Up until last year, API Gateway needed resources in a VPC to be publicly available in order to be able to access them. This made it difficult for companies concerned with security to use it as the frontend to their applications as their load balancers (or any other private target really) would need to be made publicly available. Some extra measures would need to be added to restrict calls not coming from the API Gateway itself.

With the addition of AWS PrivateLinks to API Gateway, now it is possible to frontend a private VPC with API Gateway… but only using Network Load Balancers (NLBs for short). The consequences of this are mainly:

  • Inability to route requests based on options like the ones supported by an Application Load Balancer (ALB for short).
  • Inability to add a Security Group to the NLB.

AWS Load Balancers and their IPs

AWS published in one of its blog series a way to link a NLB to an ALB to be able to get all the benefits of a layer 7 load balancer while still using a layer 4 one. This setup can be used not only with the API Gateway but also in legacy systems that require a static IP to connect to, something that can’t be done with an ALB. The solution requires a periodic lookup to the ALB DNS to get its IPs, a S3 bucket to store the result and a Lambda function to keep the list up to date and to update the Target Group of the NLB with the delta of IPs detected.

To explain the reason why the blog goes to such lengths as to keep constantly pinging the ALB’s DNS to maintain the solution, it’s necessary to understand how this load balancer scales.
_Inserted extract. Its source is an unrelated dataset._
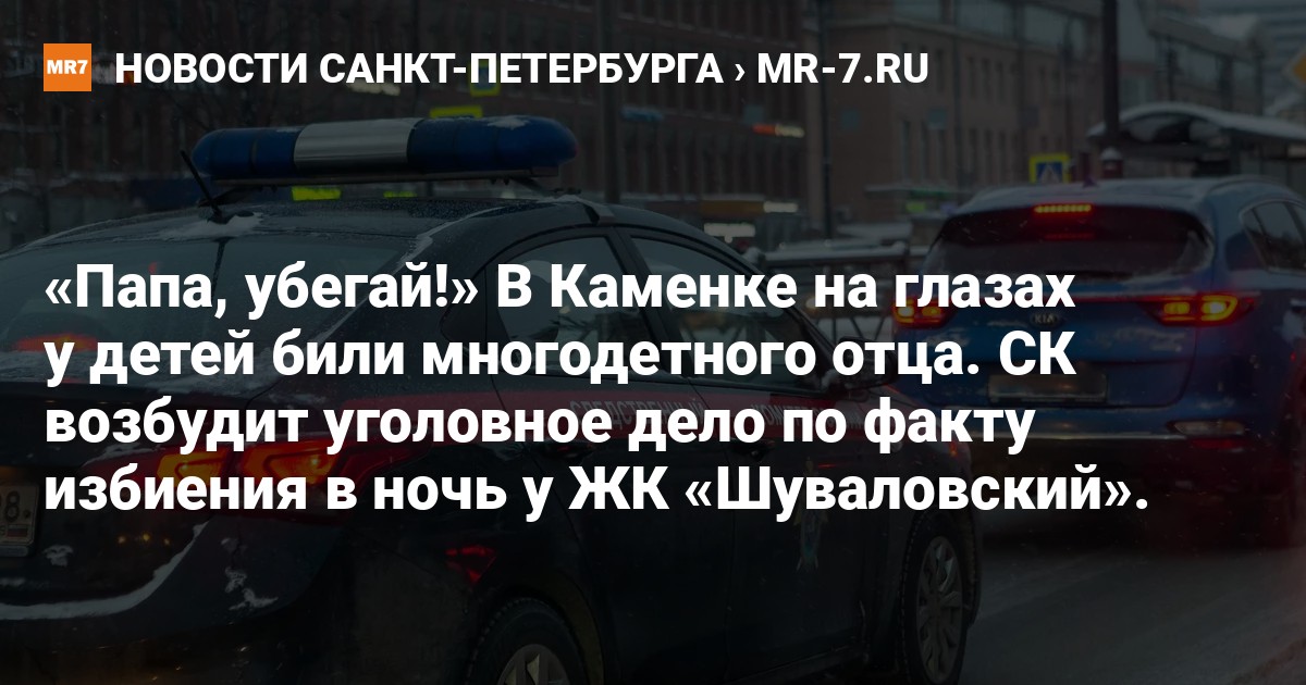 У жилого комплекса «Шуваловский» в ночь на 1 апреля избили 60-летнего мужчину на глазах у его детей. «Фонтанка» писала, что, по словам одного из сыновей, компания из трёх человек спровоцировала ДТП из-за парковочного места на улице Лидии Зверевой. Пенсионер хотел зафиксировать аварию, но на него бросились с кулаками.

An Application Load Balancer is a serverless service. It provides the user with a domain name that hides the complexity of its implementation. Internally, under heavy traffic, new servers are launched to keep up with the load. The service fetches new IPs from an internal pool that are assigned to the servers. These IPs are then registered with the DNS servers. Once the load comes back to normal, the extra servers are shut down, their IPs returned to the pool and the DNS servers updated accordingly. This is the reason why AWS does not provide a direct way to get the IPs used by the ALB as to prevent users from referencing IPs that could change.
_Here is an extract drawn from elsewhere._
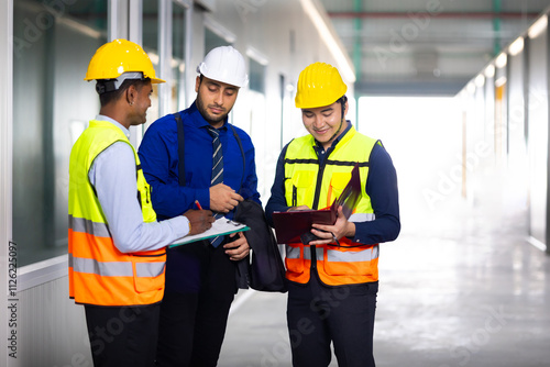 Group Ethnic diversity engineering team worker people, Success teamwork. Group of professional engineering people wearing hardhat safety helmet meeting discussion in new project at warehouse factory

This scaling behaviour doesn’t work the same way for the Network Load Balancer though. On the surface, a NLB is similar to an ALB in that only a domain name is provided after creation. But, as explained in the documentation, NLB IP’s are static and there is only one IP per availability zone the load balancer has been deployed in. So there are no servers that are created/shut down, nor are there IPs that are fetched from/returned to an internal pool dynamically.
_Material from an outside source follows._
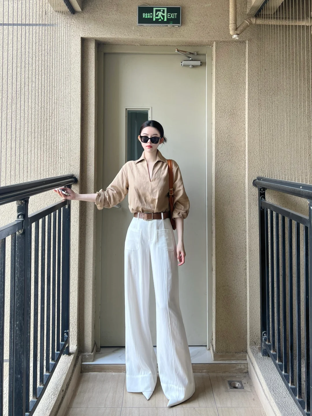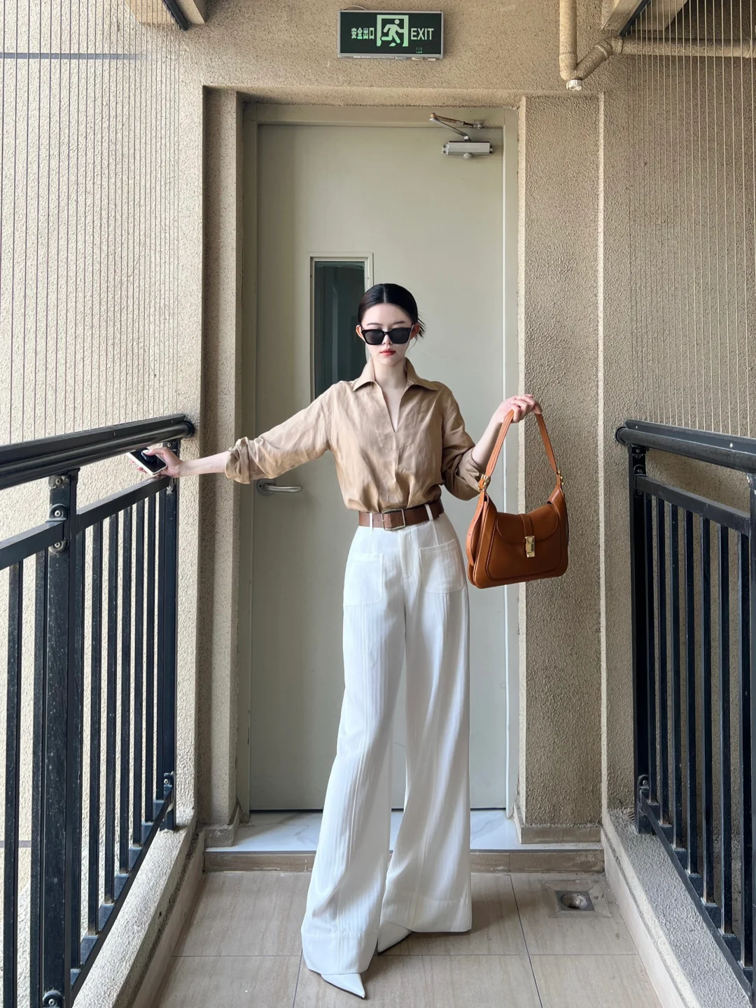 初秋通勤不就是一个衬衫➕一条白裤子吗!

Another Solution to the Problem

I came across the blog post referenced earlier while researching on how to do a similar implementation for an API for the project I was working on. I didn’t like the part where the DNS lookup was done as a lookup only returns 8 random IPs for each invocation so I decided to try a different solution. The following diagram describes it:

Steps involved:

  1. Create the Network Load Balancer.
  2. Create the Application Load Balancer.
  3. Add a Security Group to the Application Load Balancer.
  4. Assign a Target Group to the Network Load Balancer.
  5. Create a Lambda to update the Target Group of the Network Load Balancer with the IPs of the Application Load Balancer.
  6. Create a Cloudwatch Event to trigger the Lambda periodically.
  7. Create a Lambda to update the Security Group of the Application Load Balancer with the IPs of the Network Load Balancer once.
  8. Create the API Gateway.
  9. Create a VPC Link associated with the Network Load Balancer.
  10. Create a Target Group for the Application Load Balancer with the required target (individual IPs, EC2 instances or Auto Scaling Groups).

The rest of the article describes how to make use of CloudFormation to create the solution from the diagram. There are some other steps involved in the process like the creation of the IAM policies and roles that allow all the different services to talk to each other. I’m not going to describe them here as not to make the post too long and because there are plenty of other posts that describe this same process. At the end of the article though there is a link pointing to a git repository that includes the python code and CloudFormation template that generate the whole stack for anyone interested in reusing it, learning how it works or suggesting modifications/fixes. Here I’m just going to focus on the not so straightforward parts.

Most of the steps described can be done through the console for testing purposes. Once in a production environment though, it’s always better to automate the whole process as much as possible to ensure consistency across environments and to avoid manual errors.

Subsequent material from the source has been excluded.